The Company reported a net loss for the third quarter of 2007 of $12.5 million, or $0.41 per share, compared to a net loss of $15.7 million, or $0.54 per share in the second quarter of 2007. Included in the net loss for the third quarter of 2007 was $1.2 million, or $0.04 per share, of stock based compensation expense. The net loss for the second quarter of 2007 included $1.6 million, or $0.05 per share, of stock based compensation expense.
Based on these results and the outlook for the remainder of the year, the Company now expects full year 2007 revenues to be between $22 million and $25 million.
“We are very pleased to report our second consecutive quarter of strong sequential growth as we continue to execute on the commercial strategies we implemented earlier this year,” said Geert Cauwenbergh, Ph.D., Chief Executive Officer of Barrier Therapeutics. “The results of the third quarter are confirmation that Barrier Therapeutics is successfully transitioning from a pure research and development company into a commercial organization with meaningful revenue and growth potential.

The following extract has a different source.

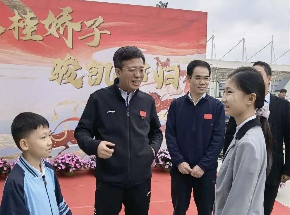 当天,上林县马术中央公园还有不少喜欢马术运动的青少年慕名而来,热烈欢迎冠军队伍凯旋。“你们在哪儿上学?喜欢骑马吗?练习马术多久了?”黄剑峰与在场观摩训练的青少年运动员进行了亲切交流,详细了解他们的学习、训练情况,了解他们参与马术运动的体验与感受。黄剑峰表示,开展马术运动训练不仅可以锻炼身体,更培养了青少年的勇气、耐心和责任心。他鼓励孩子们保持对马术运动的热爱,坚守体育梦想,享受运动乐趣,争做德智体美劳全面发展的新时代好少年。
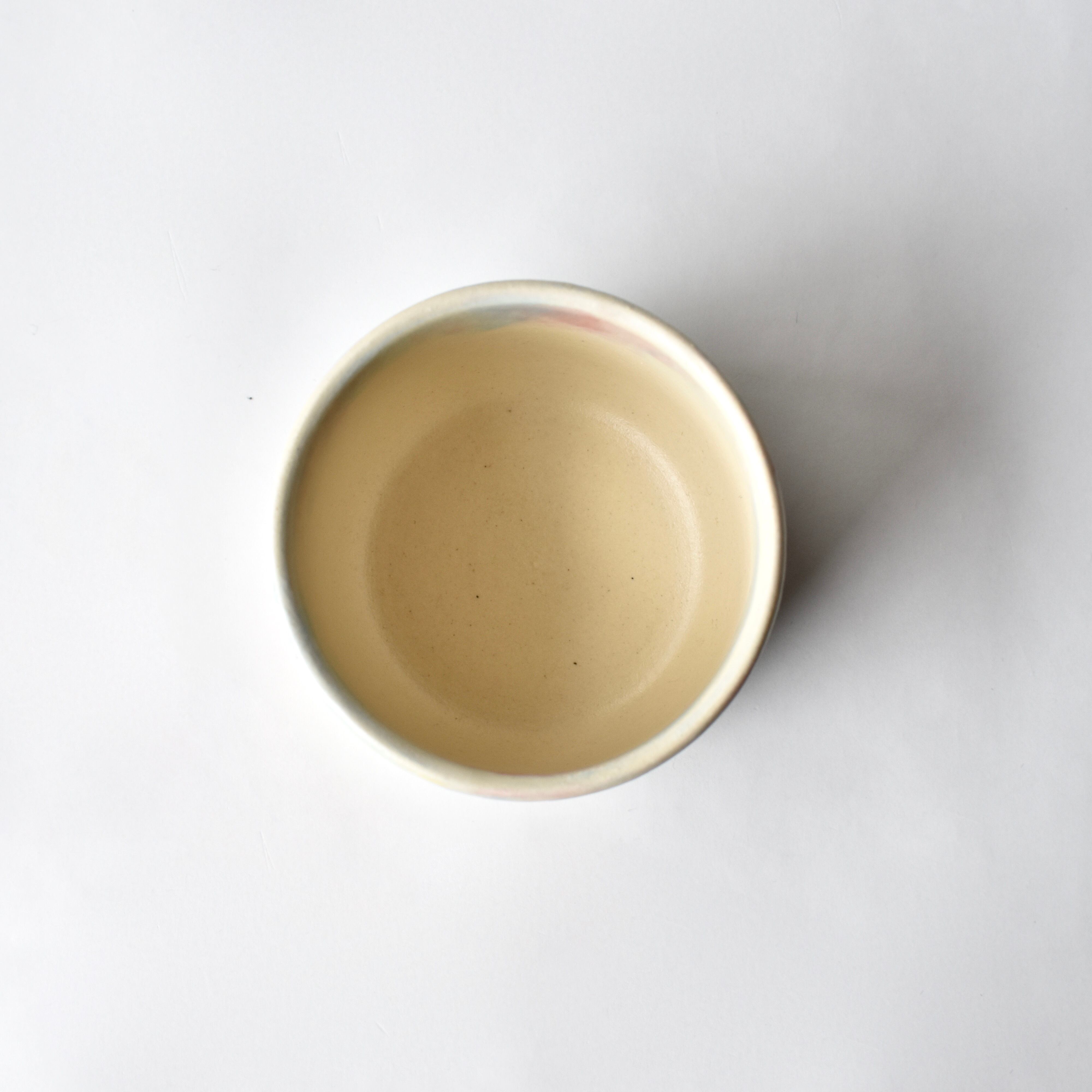 ・陶器の原料となる土には鉄分が含まれており、焼成の際に鉄分が反応し表面に黒い点となって現れることがあります。また、釉薬のかかった器には、ピンでついたような小さな陥没(ピンホール)がみられる事があります。釉薬をかけた際、生地についた有機物が焼かれ小さなへこみとなる現象です。陶器特有の現象であり、味わいのポイントとしてお楽しみください。

We expect revenues to continue to grow in the months ahead, and we have revised our revenue guidance accordingly. We also expect that our net losses will continue to decline as our revenue growth continues.”
Cash, cash equivalents and marketable securities as of September 30, 2007 were $55.8 million, which includes $29.5 million in net cash proceeds from our September 2007 public offering. Net cash usage was $10.8 million for the quarter.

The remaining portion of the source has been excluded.